[Information shown]

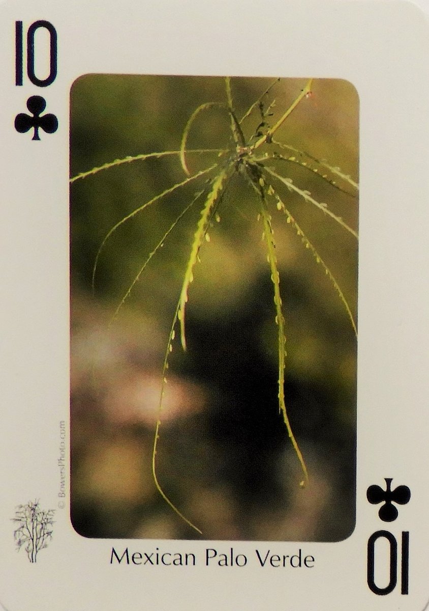 Mi-Shell Posted September 7, 2019 Posted September 7, 2019 (edited) Your Tree for the day = 10 of clubs – again!! Mexican Palo Verde This is a two faced situation! This Tree is easy to grow and very drought resistant and so , even when the heat is relentless, this one will leaf out and bloom! But!! Be careful, where you plant it, it will take over!! It became a persistent pest in Australia and is difficult to eradicate. Restrain and careful planning is a must! Then however, the rewards are pleasant. It will provide shade and a delicate light green crown with yellow flowers. Edited September 8, 2019 by Mi-Shell spppehlink!??!! :)
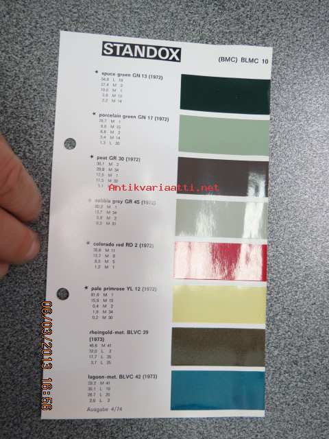 Standox BMC BLMC 10 värimallit 1973 lisäykset mallikirjaan
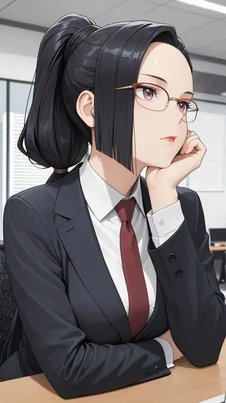 long hair, black hair, high ponytail, side swept hair, blunt ends, low tied hair, purple eyes, red eyeliner, dark blue kimono, light blue obi, high collar, light blue collar, forehead, hairpin,

[/Information shown]

Using the data above, print every line exactly, omitting pictures.

 Mi-Shell Posted September 7, 2019 Posted September 7, 2019 (edited) Your Tree for the day = 10 of clubs – again!! Mexican Palo Verde This is a two faced situation! This Tree is easy to grow and very drought resistant and so , even when the heat is relentless, this one will leaf out and bloom! But!! Be careful, where you plant it, it will take over!! It became a persistent pest in Australia and is difficult to eradicate. Restrain and careful planning is a must! Then however, the rewards are pleasant. It will provide shade and a delicate light green crown with yellow flowers. Edited September 8, 2019 by Mi-Shell spppehlink!??!! :)
 Standox BMC BLMC 10 värimallit 1973 lisäykset mallikirjaan
 long hair, black hair, high ponytail, side swept hair, blunt ends, low tied hair, purple eyes, red eyeliner, dark blue kimono, light blue obi, high collar, light blue collar, forehead, hairpin,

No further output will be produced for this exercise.